La Banca centrale europea divisa tra colombe e falchi

Isabel Schnab (membro del comitato esecutivo della BCE) ha avvertito a novembre che una politica fiscale poco rigorosa rischia di aumentare le pressioni inflazionistiche sottostanti, stimolando i consumi e riducendo gli incentivi al risparmio energetico per i consumatori e le imprese. A nostro avviso, i pacchetti di sgravi, pur essendo consistenti, non sono sufficienti a fornire un sollievo effettivo a consumatori e alle imprese. Schnabel ha inoltre osservato che “il margine per rallentare il ritmo degli aggiustamenti dei tassi di interesse rimane limitato, anche se ci stiamo avvicinando alle stime del ‘tasso neutro’”. Questo approccio “falco” è stato ripreso dal capo della banca centrale olandese Klaas Knot, il quale ha dichiarato che si va verso un’azione troppo limitata della BCE per contrastare l’aumento dell’inflazione, osservando che è necessario un rallentamento dell’economia, o forse addirittura una recessione, per riportare l’inflazione sotto controllo.

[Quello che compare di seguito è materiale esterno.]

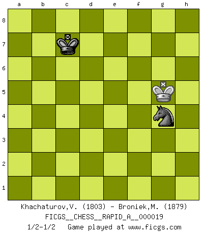 Last move : 1/2-1/2 2007 September 3 22:22:41 [Event "FICGS__CHESS__RAPID_A__000019"] [Site "FICGS"] [Date "2007.05.03"] [Round "1"] [White "Khachaturov,Vadim"] [Black "Broniek,Mariusz Maciej"] [Result "1/2-1/2"] [WhiteElo "1803"] [BlackElo "1879"] 1.e4 c5 2.Nf3 d6 3.d4 cxd4 4.Nxd4 Nf6 5.Nc3 Nc6 6.Bg5 e6 7.Qd2 a6 8.O-O-O h6 9.Be3 Be7 10.f4 Bd7 11.Be2 b5 12.Bf3 Rc8 13.e5 dxe5 14.Nxc6 Bxc6 15.Qxd8+ Bxd8 16.fxe5 Nd7 17.Ne4 Bxe4 18.Bxe4 Bg5 19.Bxg5 hxg5 20.Bb7 Rd8 21.Rd6 Nb8 22.Rxd8+ Kxd8 23.Rf1 Ke7 24.h3 a5 25.a3 Rh4 26.Rf3 b4 27.g4 Nd7 28.Re3 Rh8 29.axb4 axb4 30.Bc6 Nc5 31.Kd2 Rd8+ 32.Ke2 Rb8 33.Kd2 f5 34.exf6+ gxf6 35.Bg2 Rd8+ 36.Ke2 e5 37.Be4 Ne6 38.Kf2 Nf4 39.Rb3 Rd4 40.Ke3 Nxh3 41.c3 bxc3 42.bxc3 Rc4 43.Rb7+ Kd8 44.Rb8+ Kd7 45.Rb7+ Rc7 46.c4 Rxb7 47.Bxb7 Nf4 48.Ke4 Ne6 49.Kf5 Ke7 50.Bh1 Nd4+ 51.Kg6 Nb3 52.Kf5 Nd2 53.c5 Nf1 54.Kg6 Ng3 55.Bb7 Ne2 56.Bh1 Nd4 57.Be4 Ne6 58.c6 Nc5 59.Bf5 Kd6 60.Kxf6 e4 61.c7 Kxc7 62.Bxe4 Nxe4+ 63.Kf5 Nf2 64.Kxg5 Nxg4 1/2-1/2 Comment by player 1 : Vadim Khachaturov : Thank You for the game, dear colleague Sicilian : Richter-Rauzer, Rauzer attack, 7...a6 Queenside Castling by player White (move 8) 10 pieces endgame at move 46 : White KBPP , Black KRNPPP WHITE : King + 1 Bishop 2 Pawns BLACK : King + 1 Rook 1 Knight 3 Pawns 9 pieces endgame at move 47 : White KBPP , Black KNPPP WHITE : King + 1 Bishop 2 Pawns BLACK : King + 1 Knight 3 Pawns 8 pieces endgame at move 60 : White KBPP , Black KNPP WHITE : King + 1 Bishop 2 Pawns BLACK : King + 1 Knight 2 Pawns 7 pieces endgame at move 61 : White KBP , Black KNPP WHITE : King + 1 Bishop 1 Pawn BLACK : King + 1 Knight 2 Pawns 6 pieces endgame at move 62 : White KBP , Black KNP WHITE : King + 1 Bishop 1 Pawn BLACK : King + 1 Knight 1 Pawn 5 pieces endgame at move 62 : White KP , Black KNP WHITE : King + 1 Pawn BLACK : King + 1 Knight 1 Pawn 4 pieces endgame at move 64 : White KP , Black KN WHITE : King + 1 Pawn BLACK : King + 1 Knight 3 pieces endgame at move 64 : White K , Black KN WHITE : King + BLACK : King + 1 Knight This chess game ended in a draw. Follow this game move after move (download)The most important feature of the Chess position is the activity of the pieces. This is absolutely fundamental in all phases of the game: Opening, Middlegame and especially Endgame. The primary constraint on a piece's activity is the Pawn structure. (Michael Stean) Wie kann ich Remis annehmen? Ich weiß ja gar nicht, wie ich stehe! (Fritz Sämisch) Sin errores no puede haber brillantez. (Emanuel Lasker) Il vaut toujours mieux jouer un plan faux de façon logique que de n'avoir pas de plan du tout. (Victor Kortchnoï) There are 10 types of people in this world: those who understand binary and those who don't. (Anonymous)

La Presidente Lagarde ha sottolineato che sarebbe sorpresa se l’inflazione avesse già raggiunto il suo picco, in quanto vi è troppa incertezza sul passaggio degli alti costi energetici all’ingrosso a quelli al dettaglio. Ha aggiunto che la BCE potrebbe essere costretta a entrare in territorio restrittivo con i tassi di riferimento. D’altro canto, il capo della banca centrale francese, Villeroy, che ha spesso anticipato le decisioni effettive della BCE nelle sue dichiarazioni, si è espresso a favore di 50 punti base. Anche i falchi, come il presidente della Bundesbank Nagel e l’estone Mueller, sembrano poter accettare un rialzo di soli 50 punti base.

Ulteriori chiarimenti sul Quantitative Tightening (QT)

È probabile che questa settimana la BCE soddisfi le aspettative del consenso, riducendo il ritmo dei rialzi dei tassi a 50 punti base domani, dopo i due rialzi di 75 punti base di settembre e ottobre. Questa decisione porterà i tassi di deposito e di rifinanziamento rispettivamente al 2% e al 2,5%. Né il picco dell’inflazione né una recessione daranno modo alla BCE di trattenersi dall’aumentare i tassi nel primo trimestre del 2023, ma entrambi suggeriscono che i rischi sono inclinati verso un ritmo più lento di inasprimento. Le prospettive del bilancio, e più specificamente il QT, saranno un altro tema chiave della riunione di domani. Sarà interessante vedere se la BCE sarà spinta a vendere i titoli a titolo definitivo o se si atterrà al roll-off. Ci aspettiamo che la banca centrale inizi con un roll-off dell’Asset Purchase Program (APP) equivalente a una riduzione mensile del bilancio di 25 miliardi di euro in media. Attualmente la BCE sta ancora utilizzando i reinvestimenti del Pandemic Emergency Purchase Programme (PEPP) per comprimere gli spread e il Transmission Protection Instrument (TPI) rimane a sua disposizione se le condizioni dovessero deteriorarsi ulteriormente. Entrambi questi strumenti limitano la portata del QT della BCE.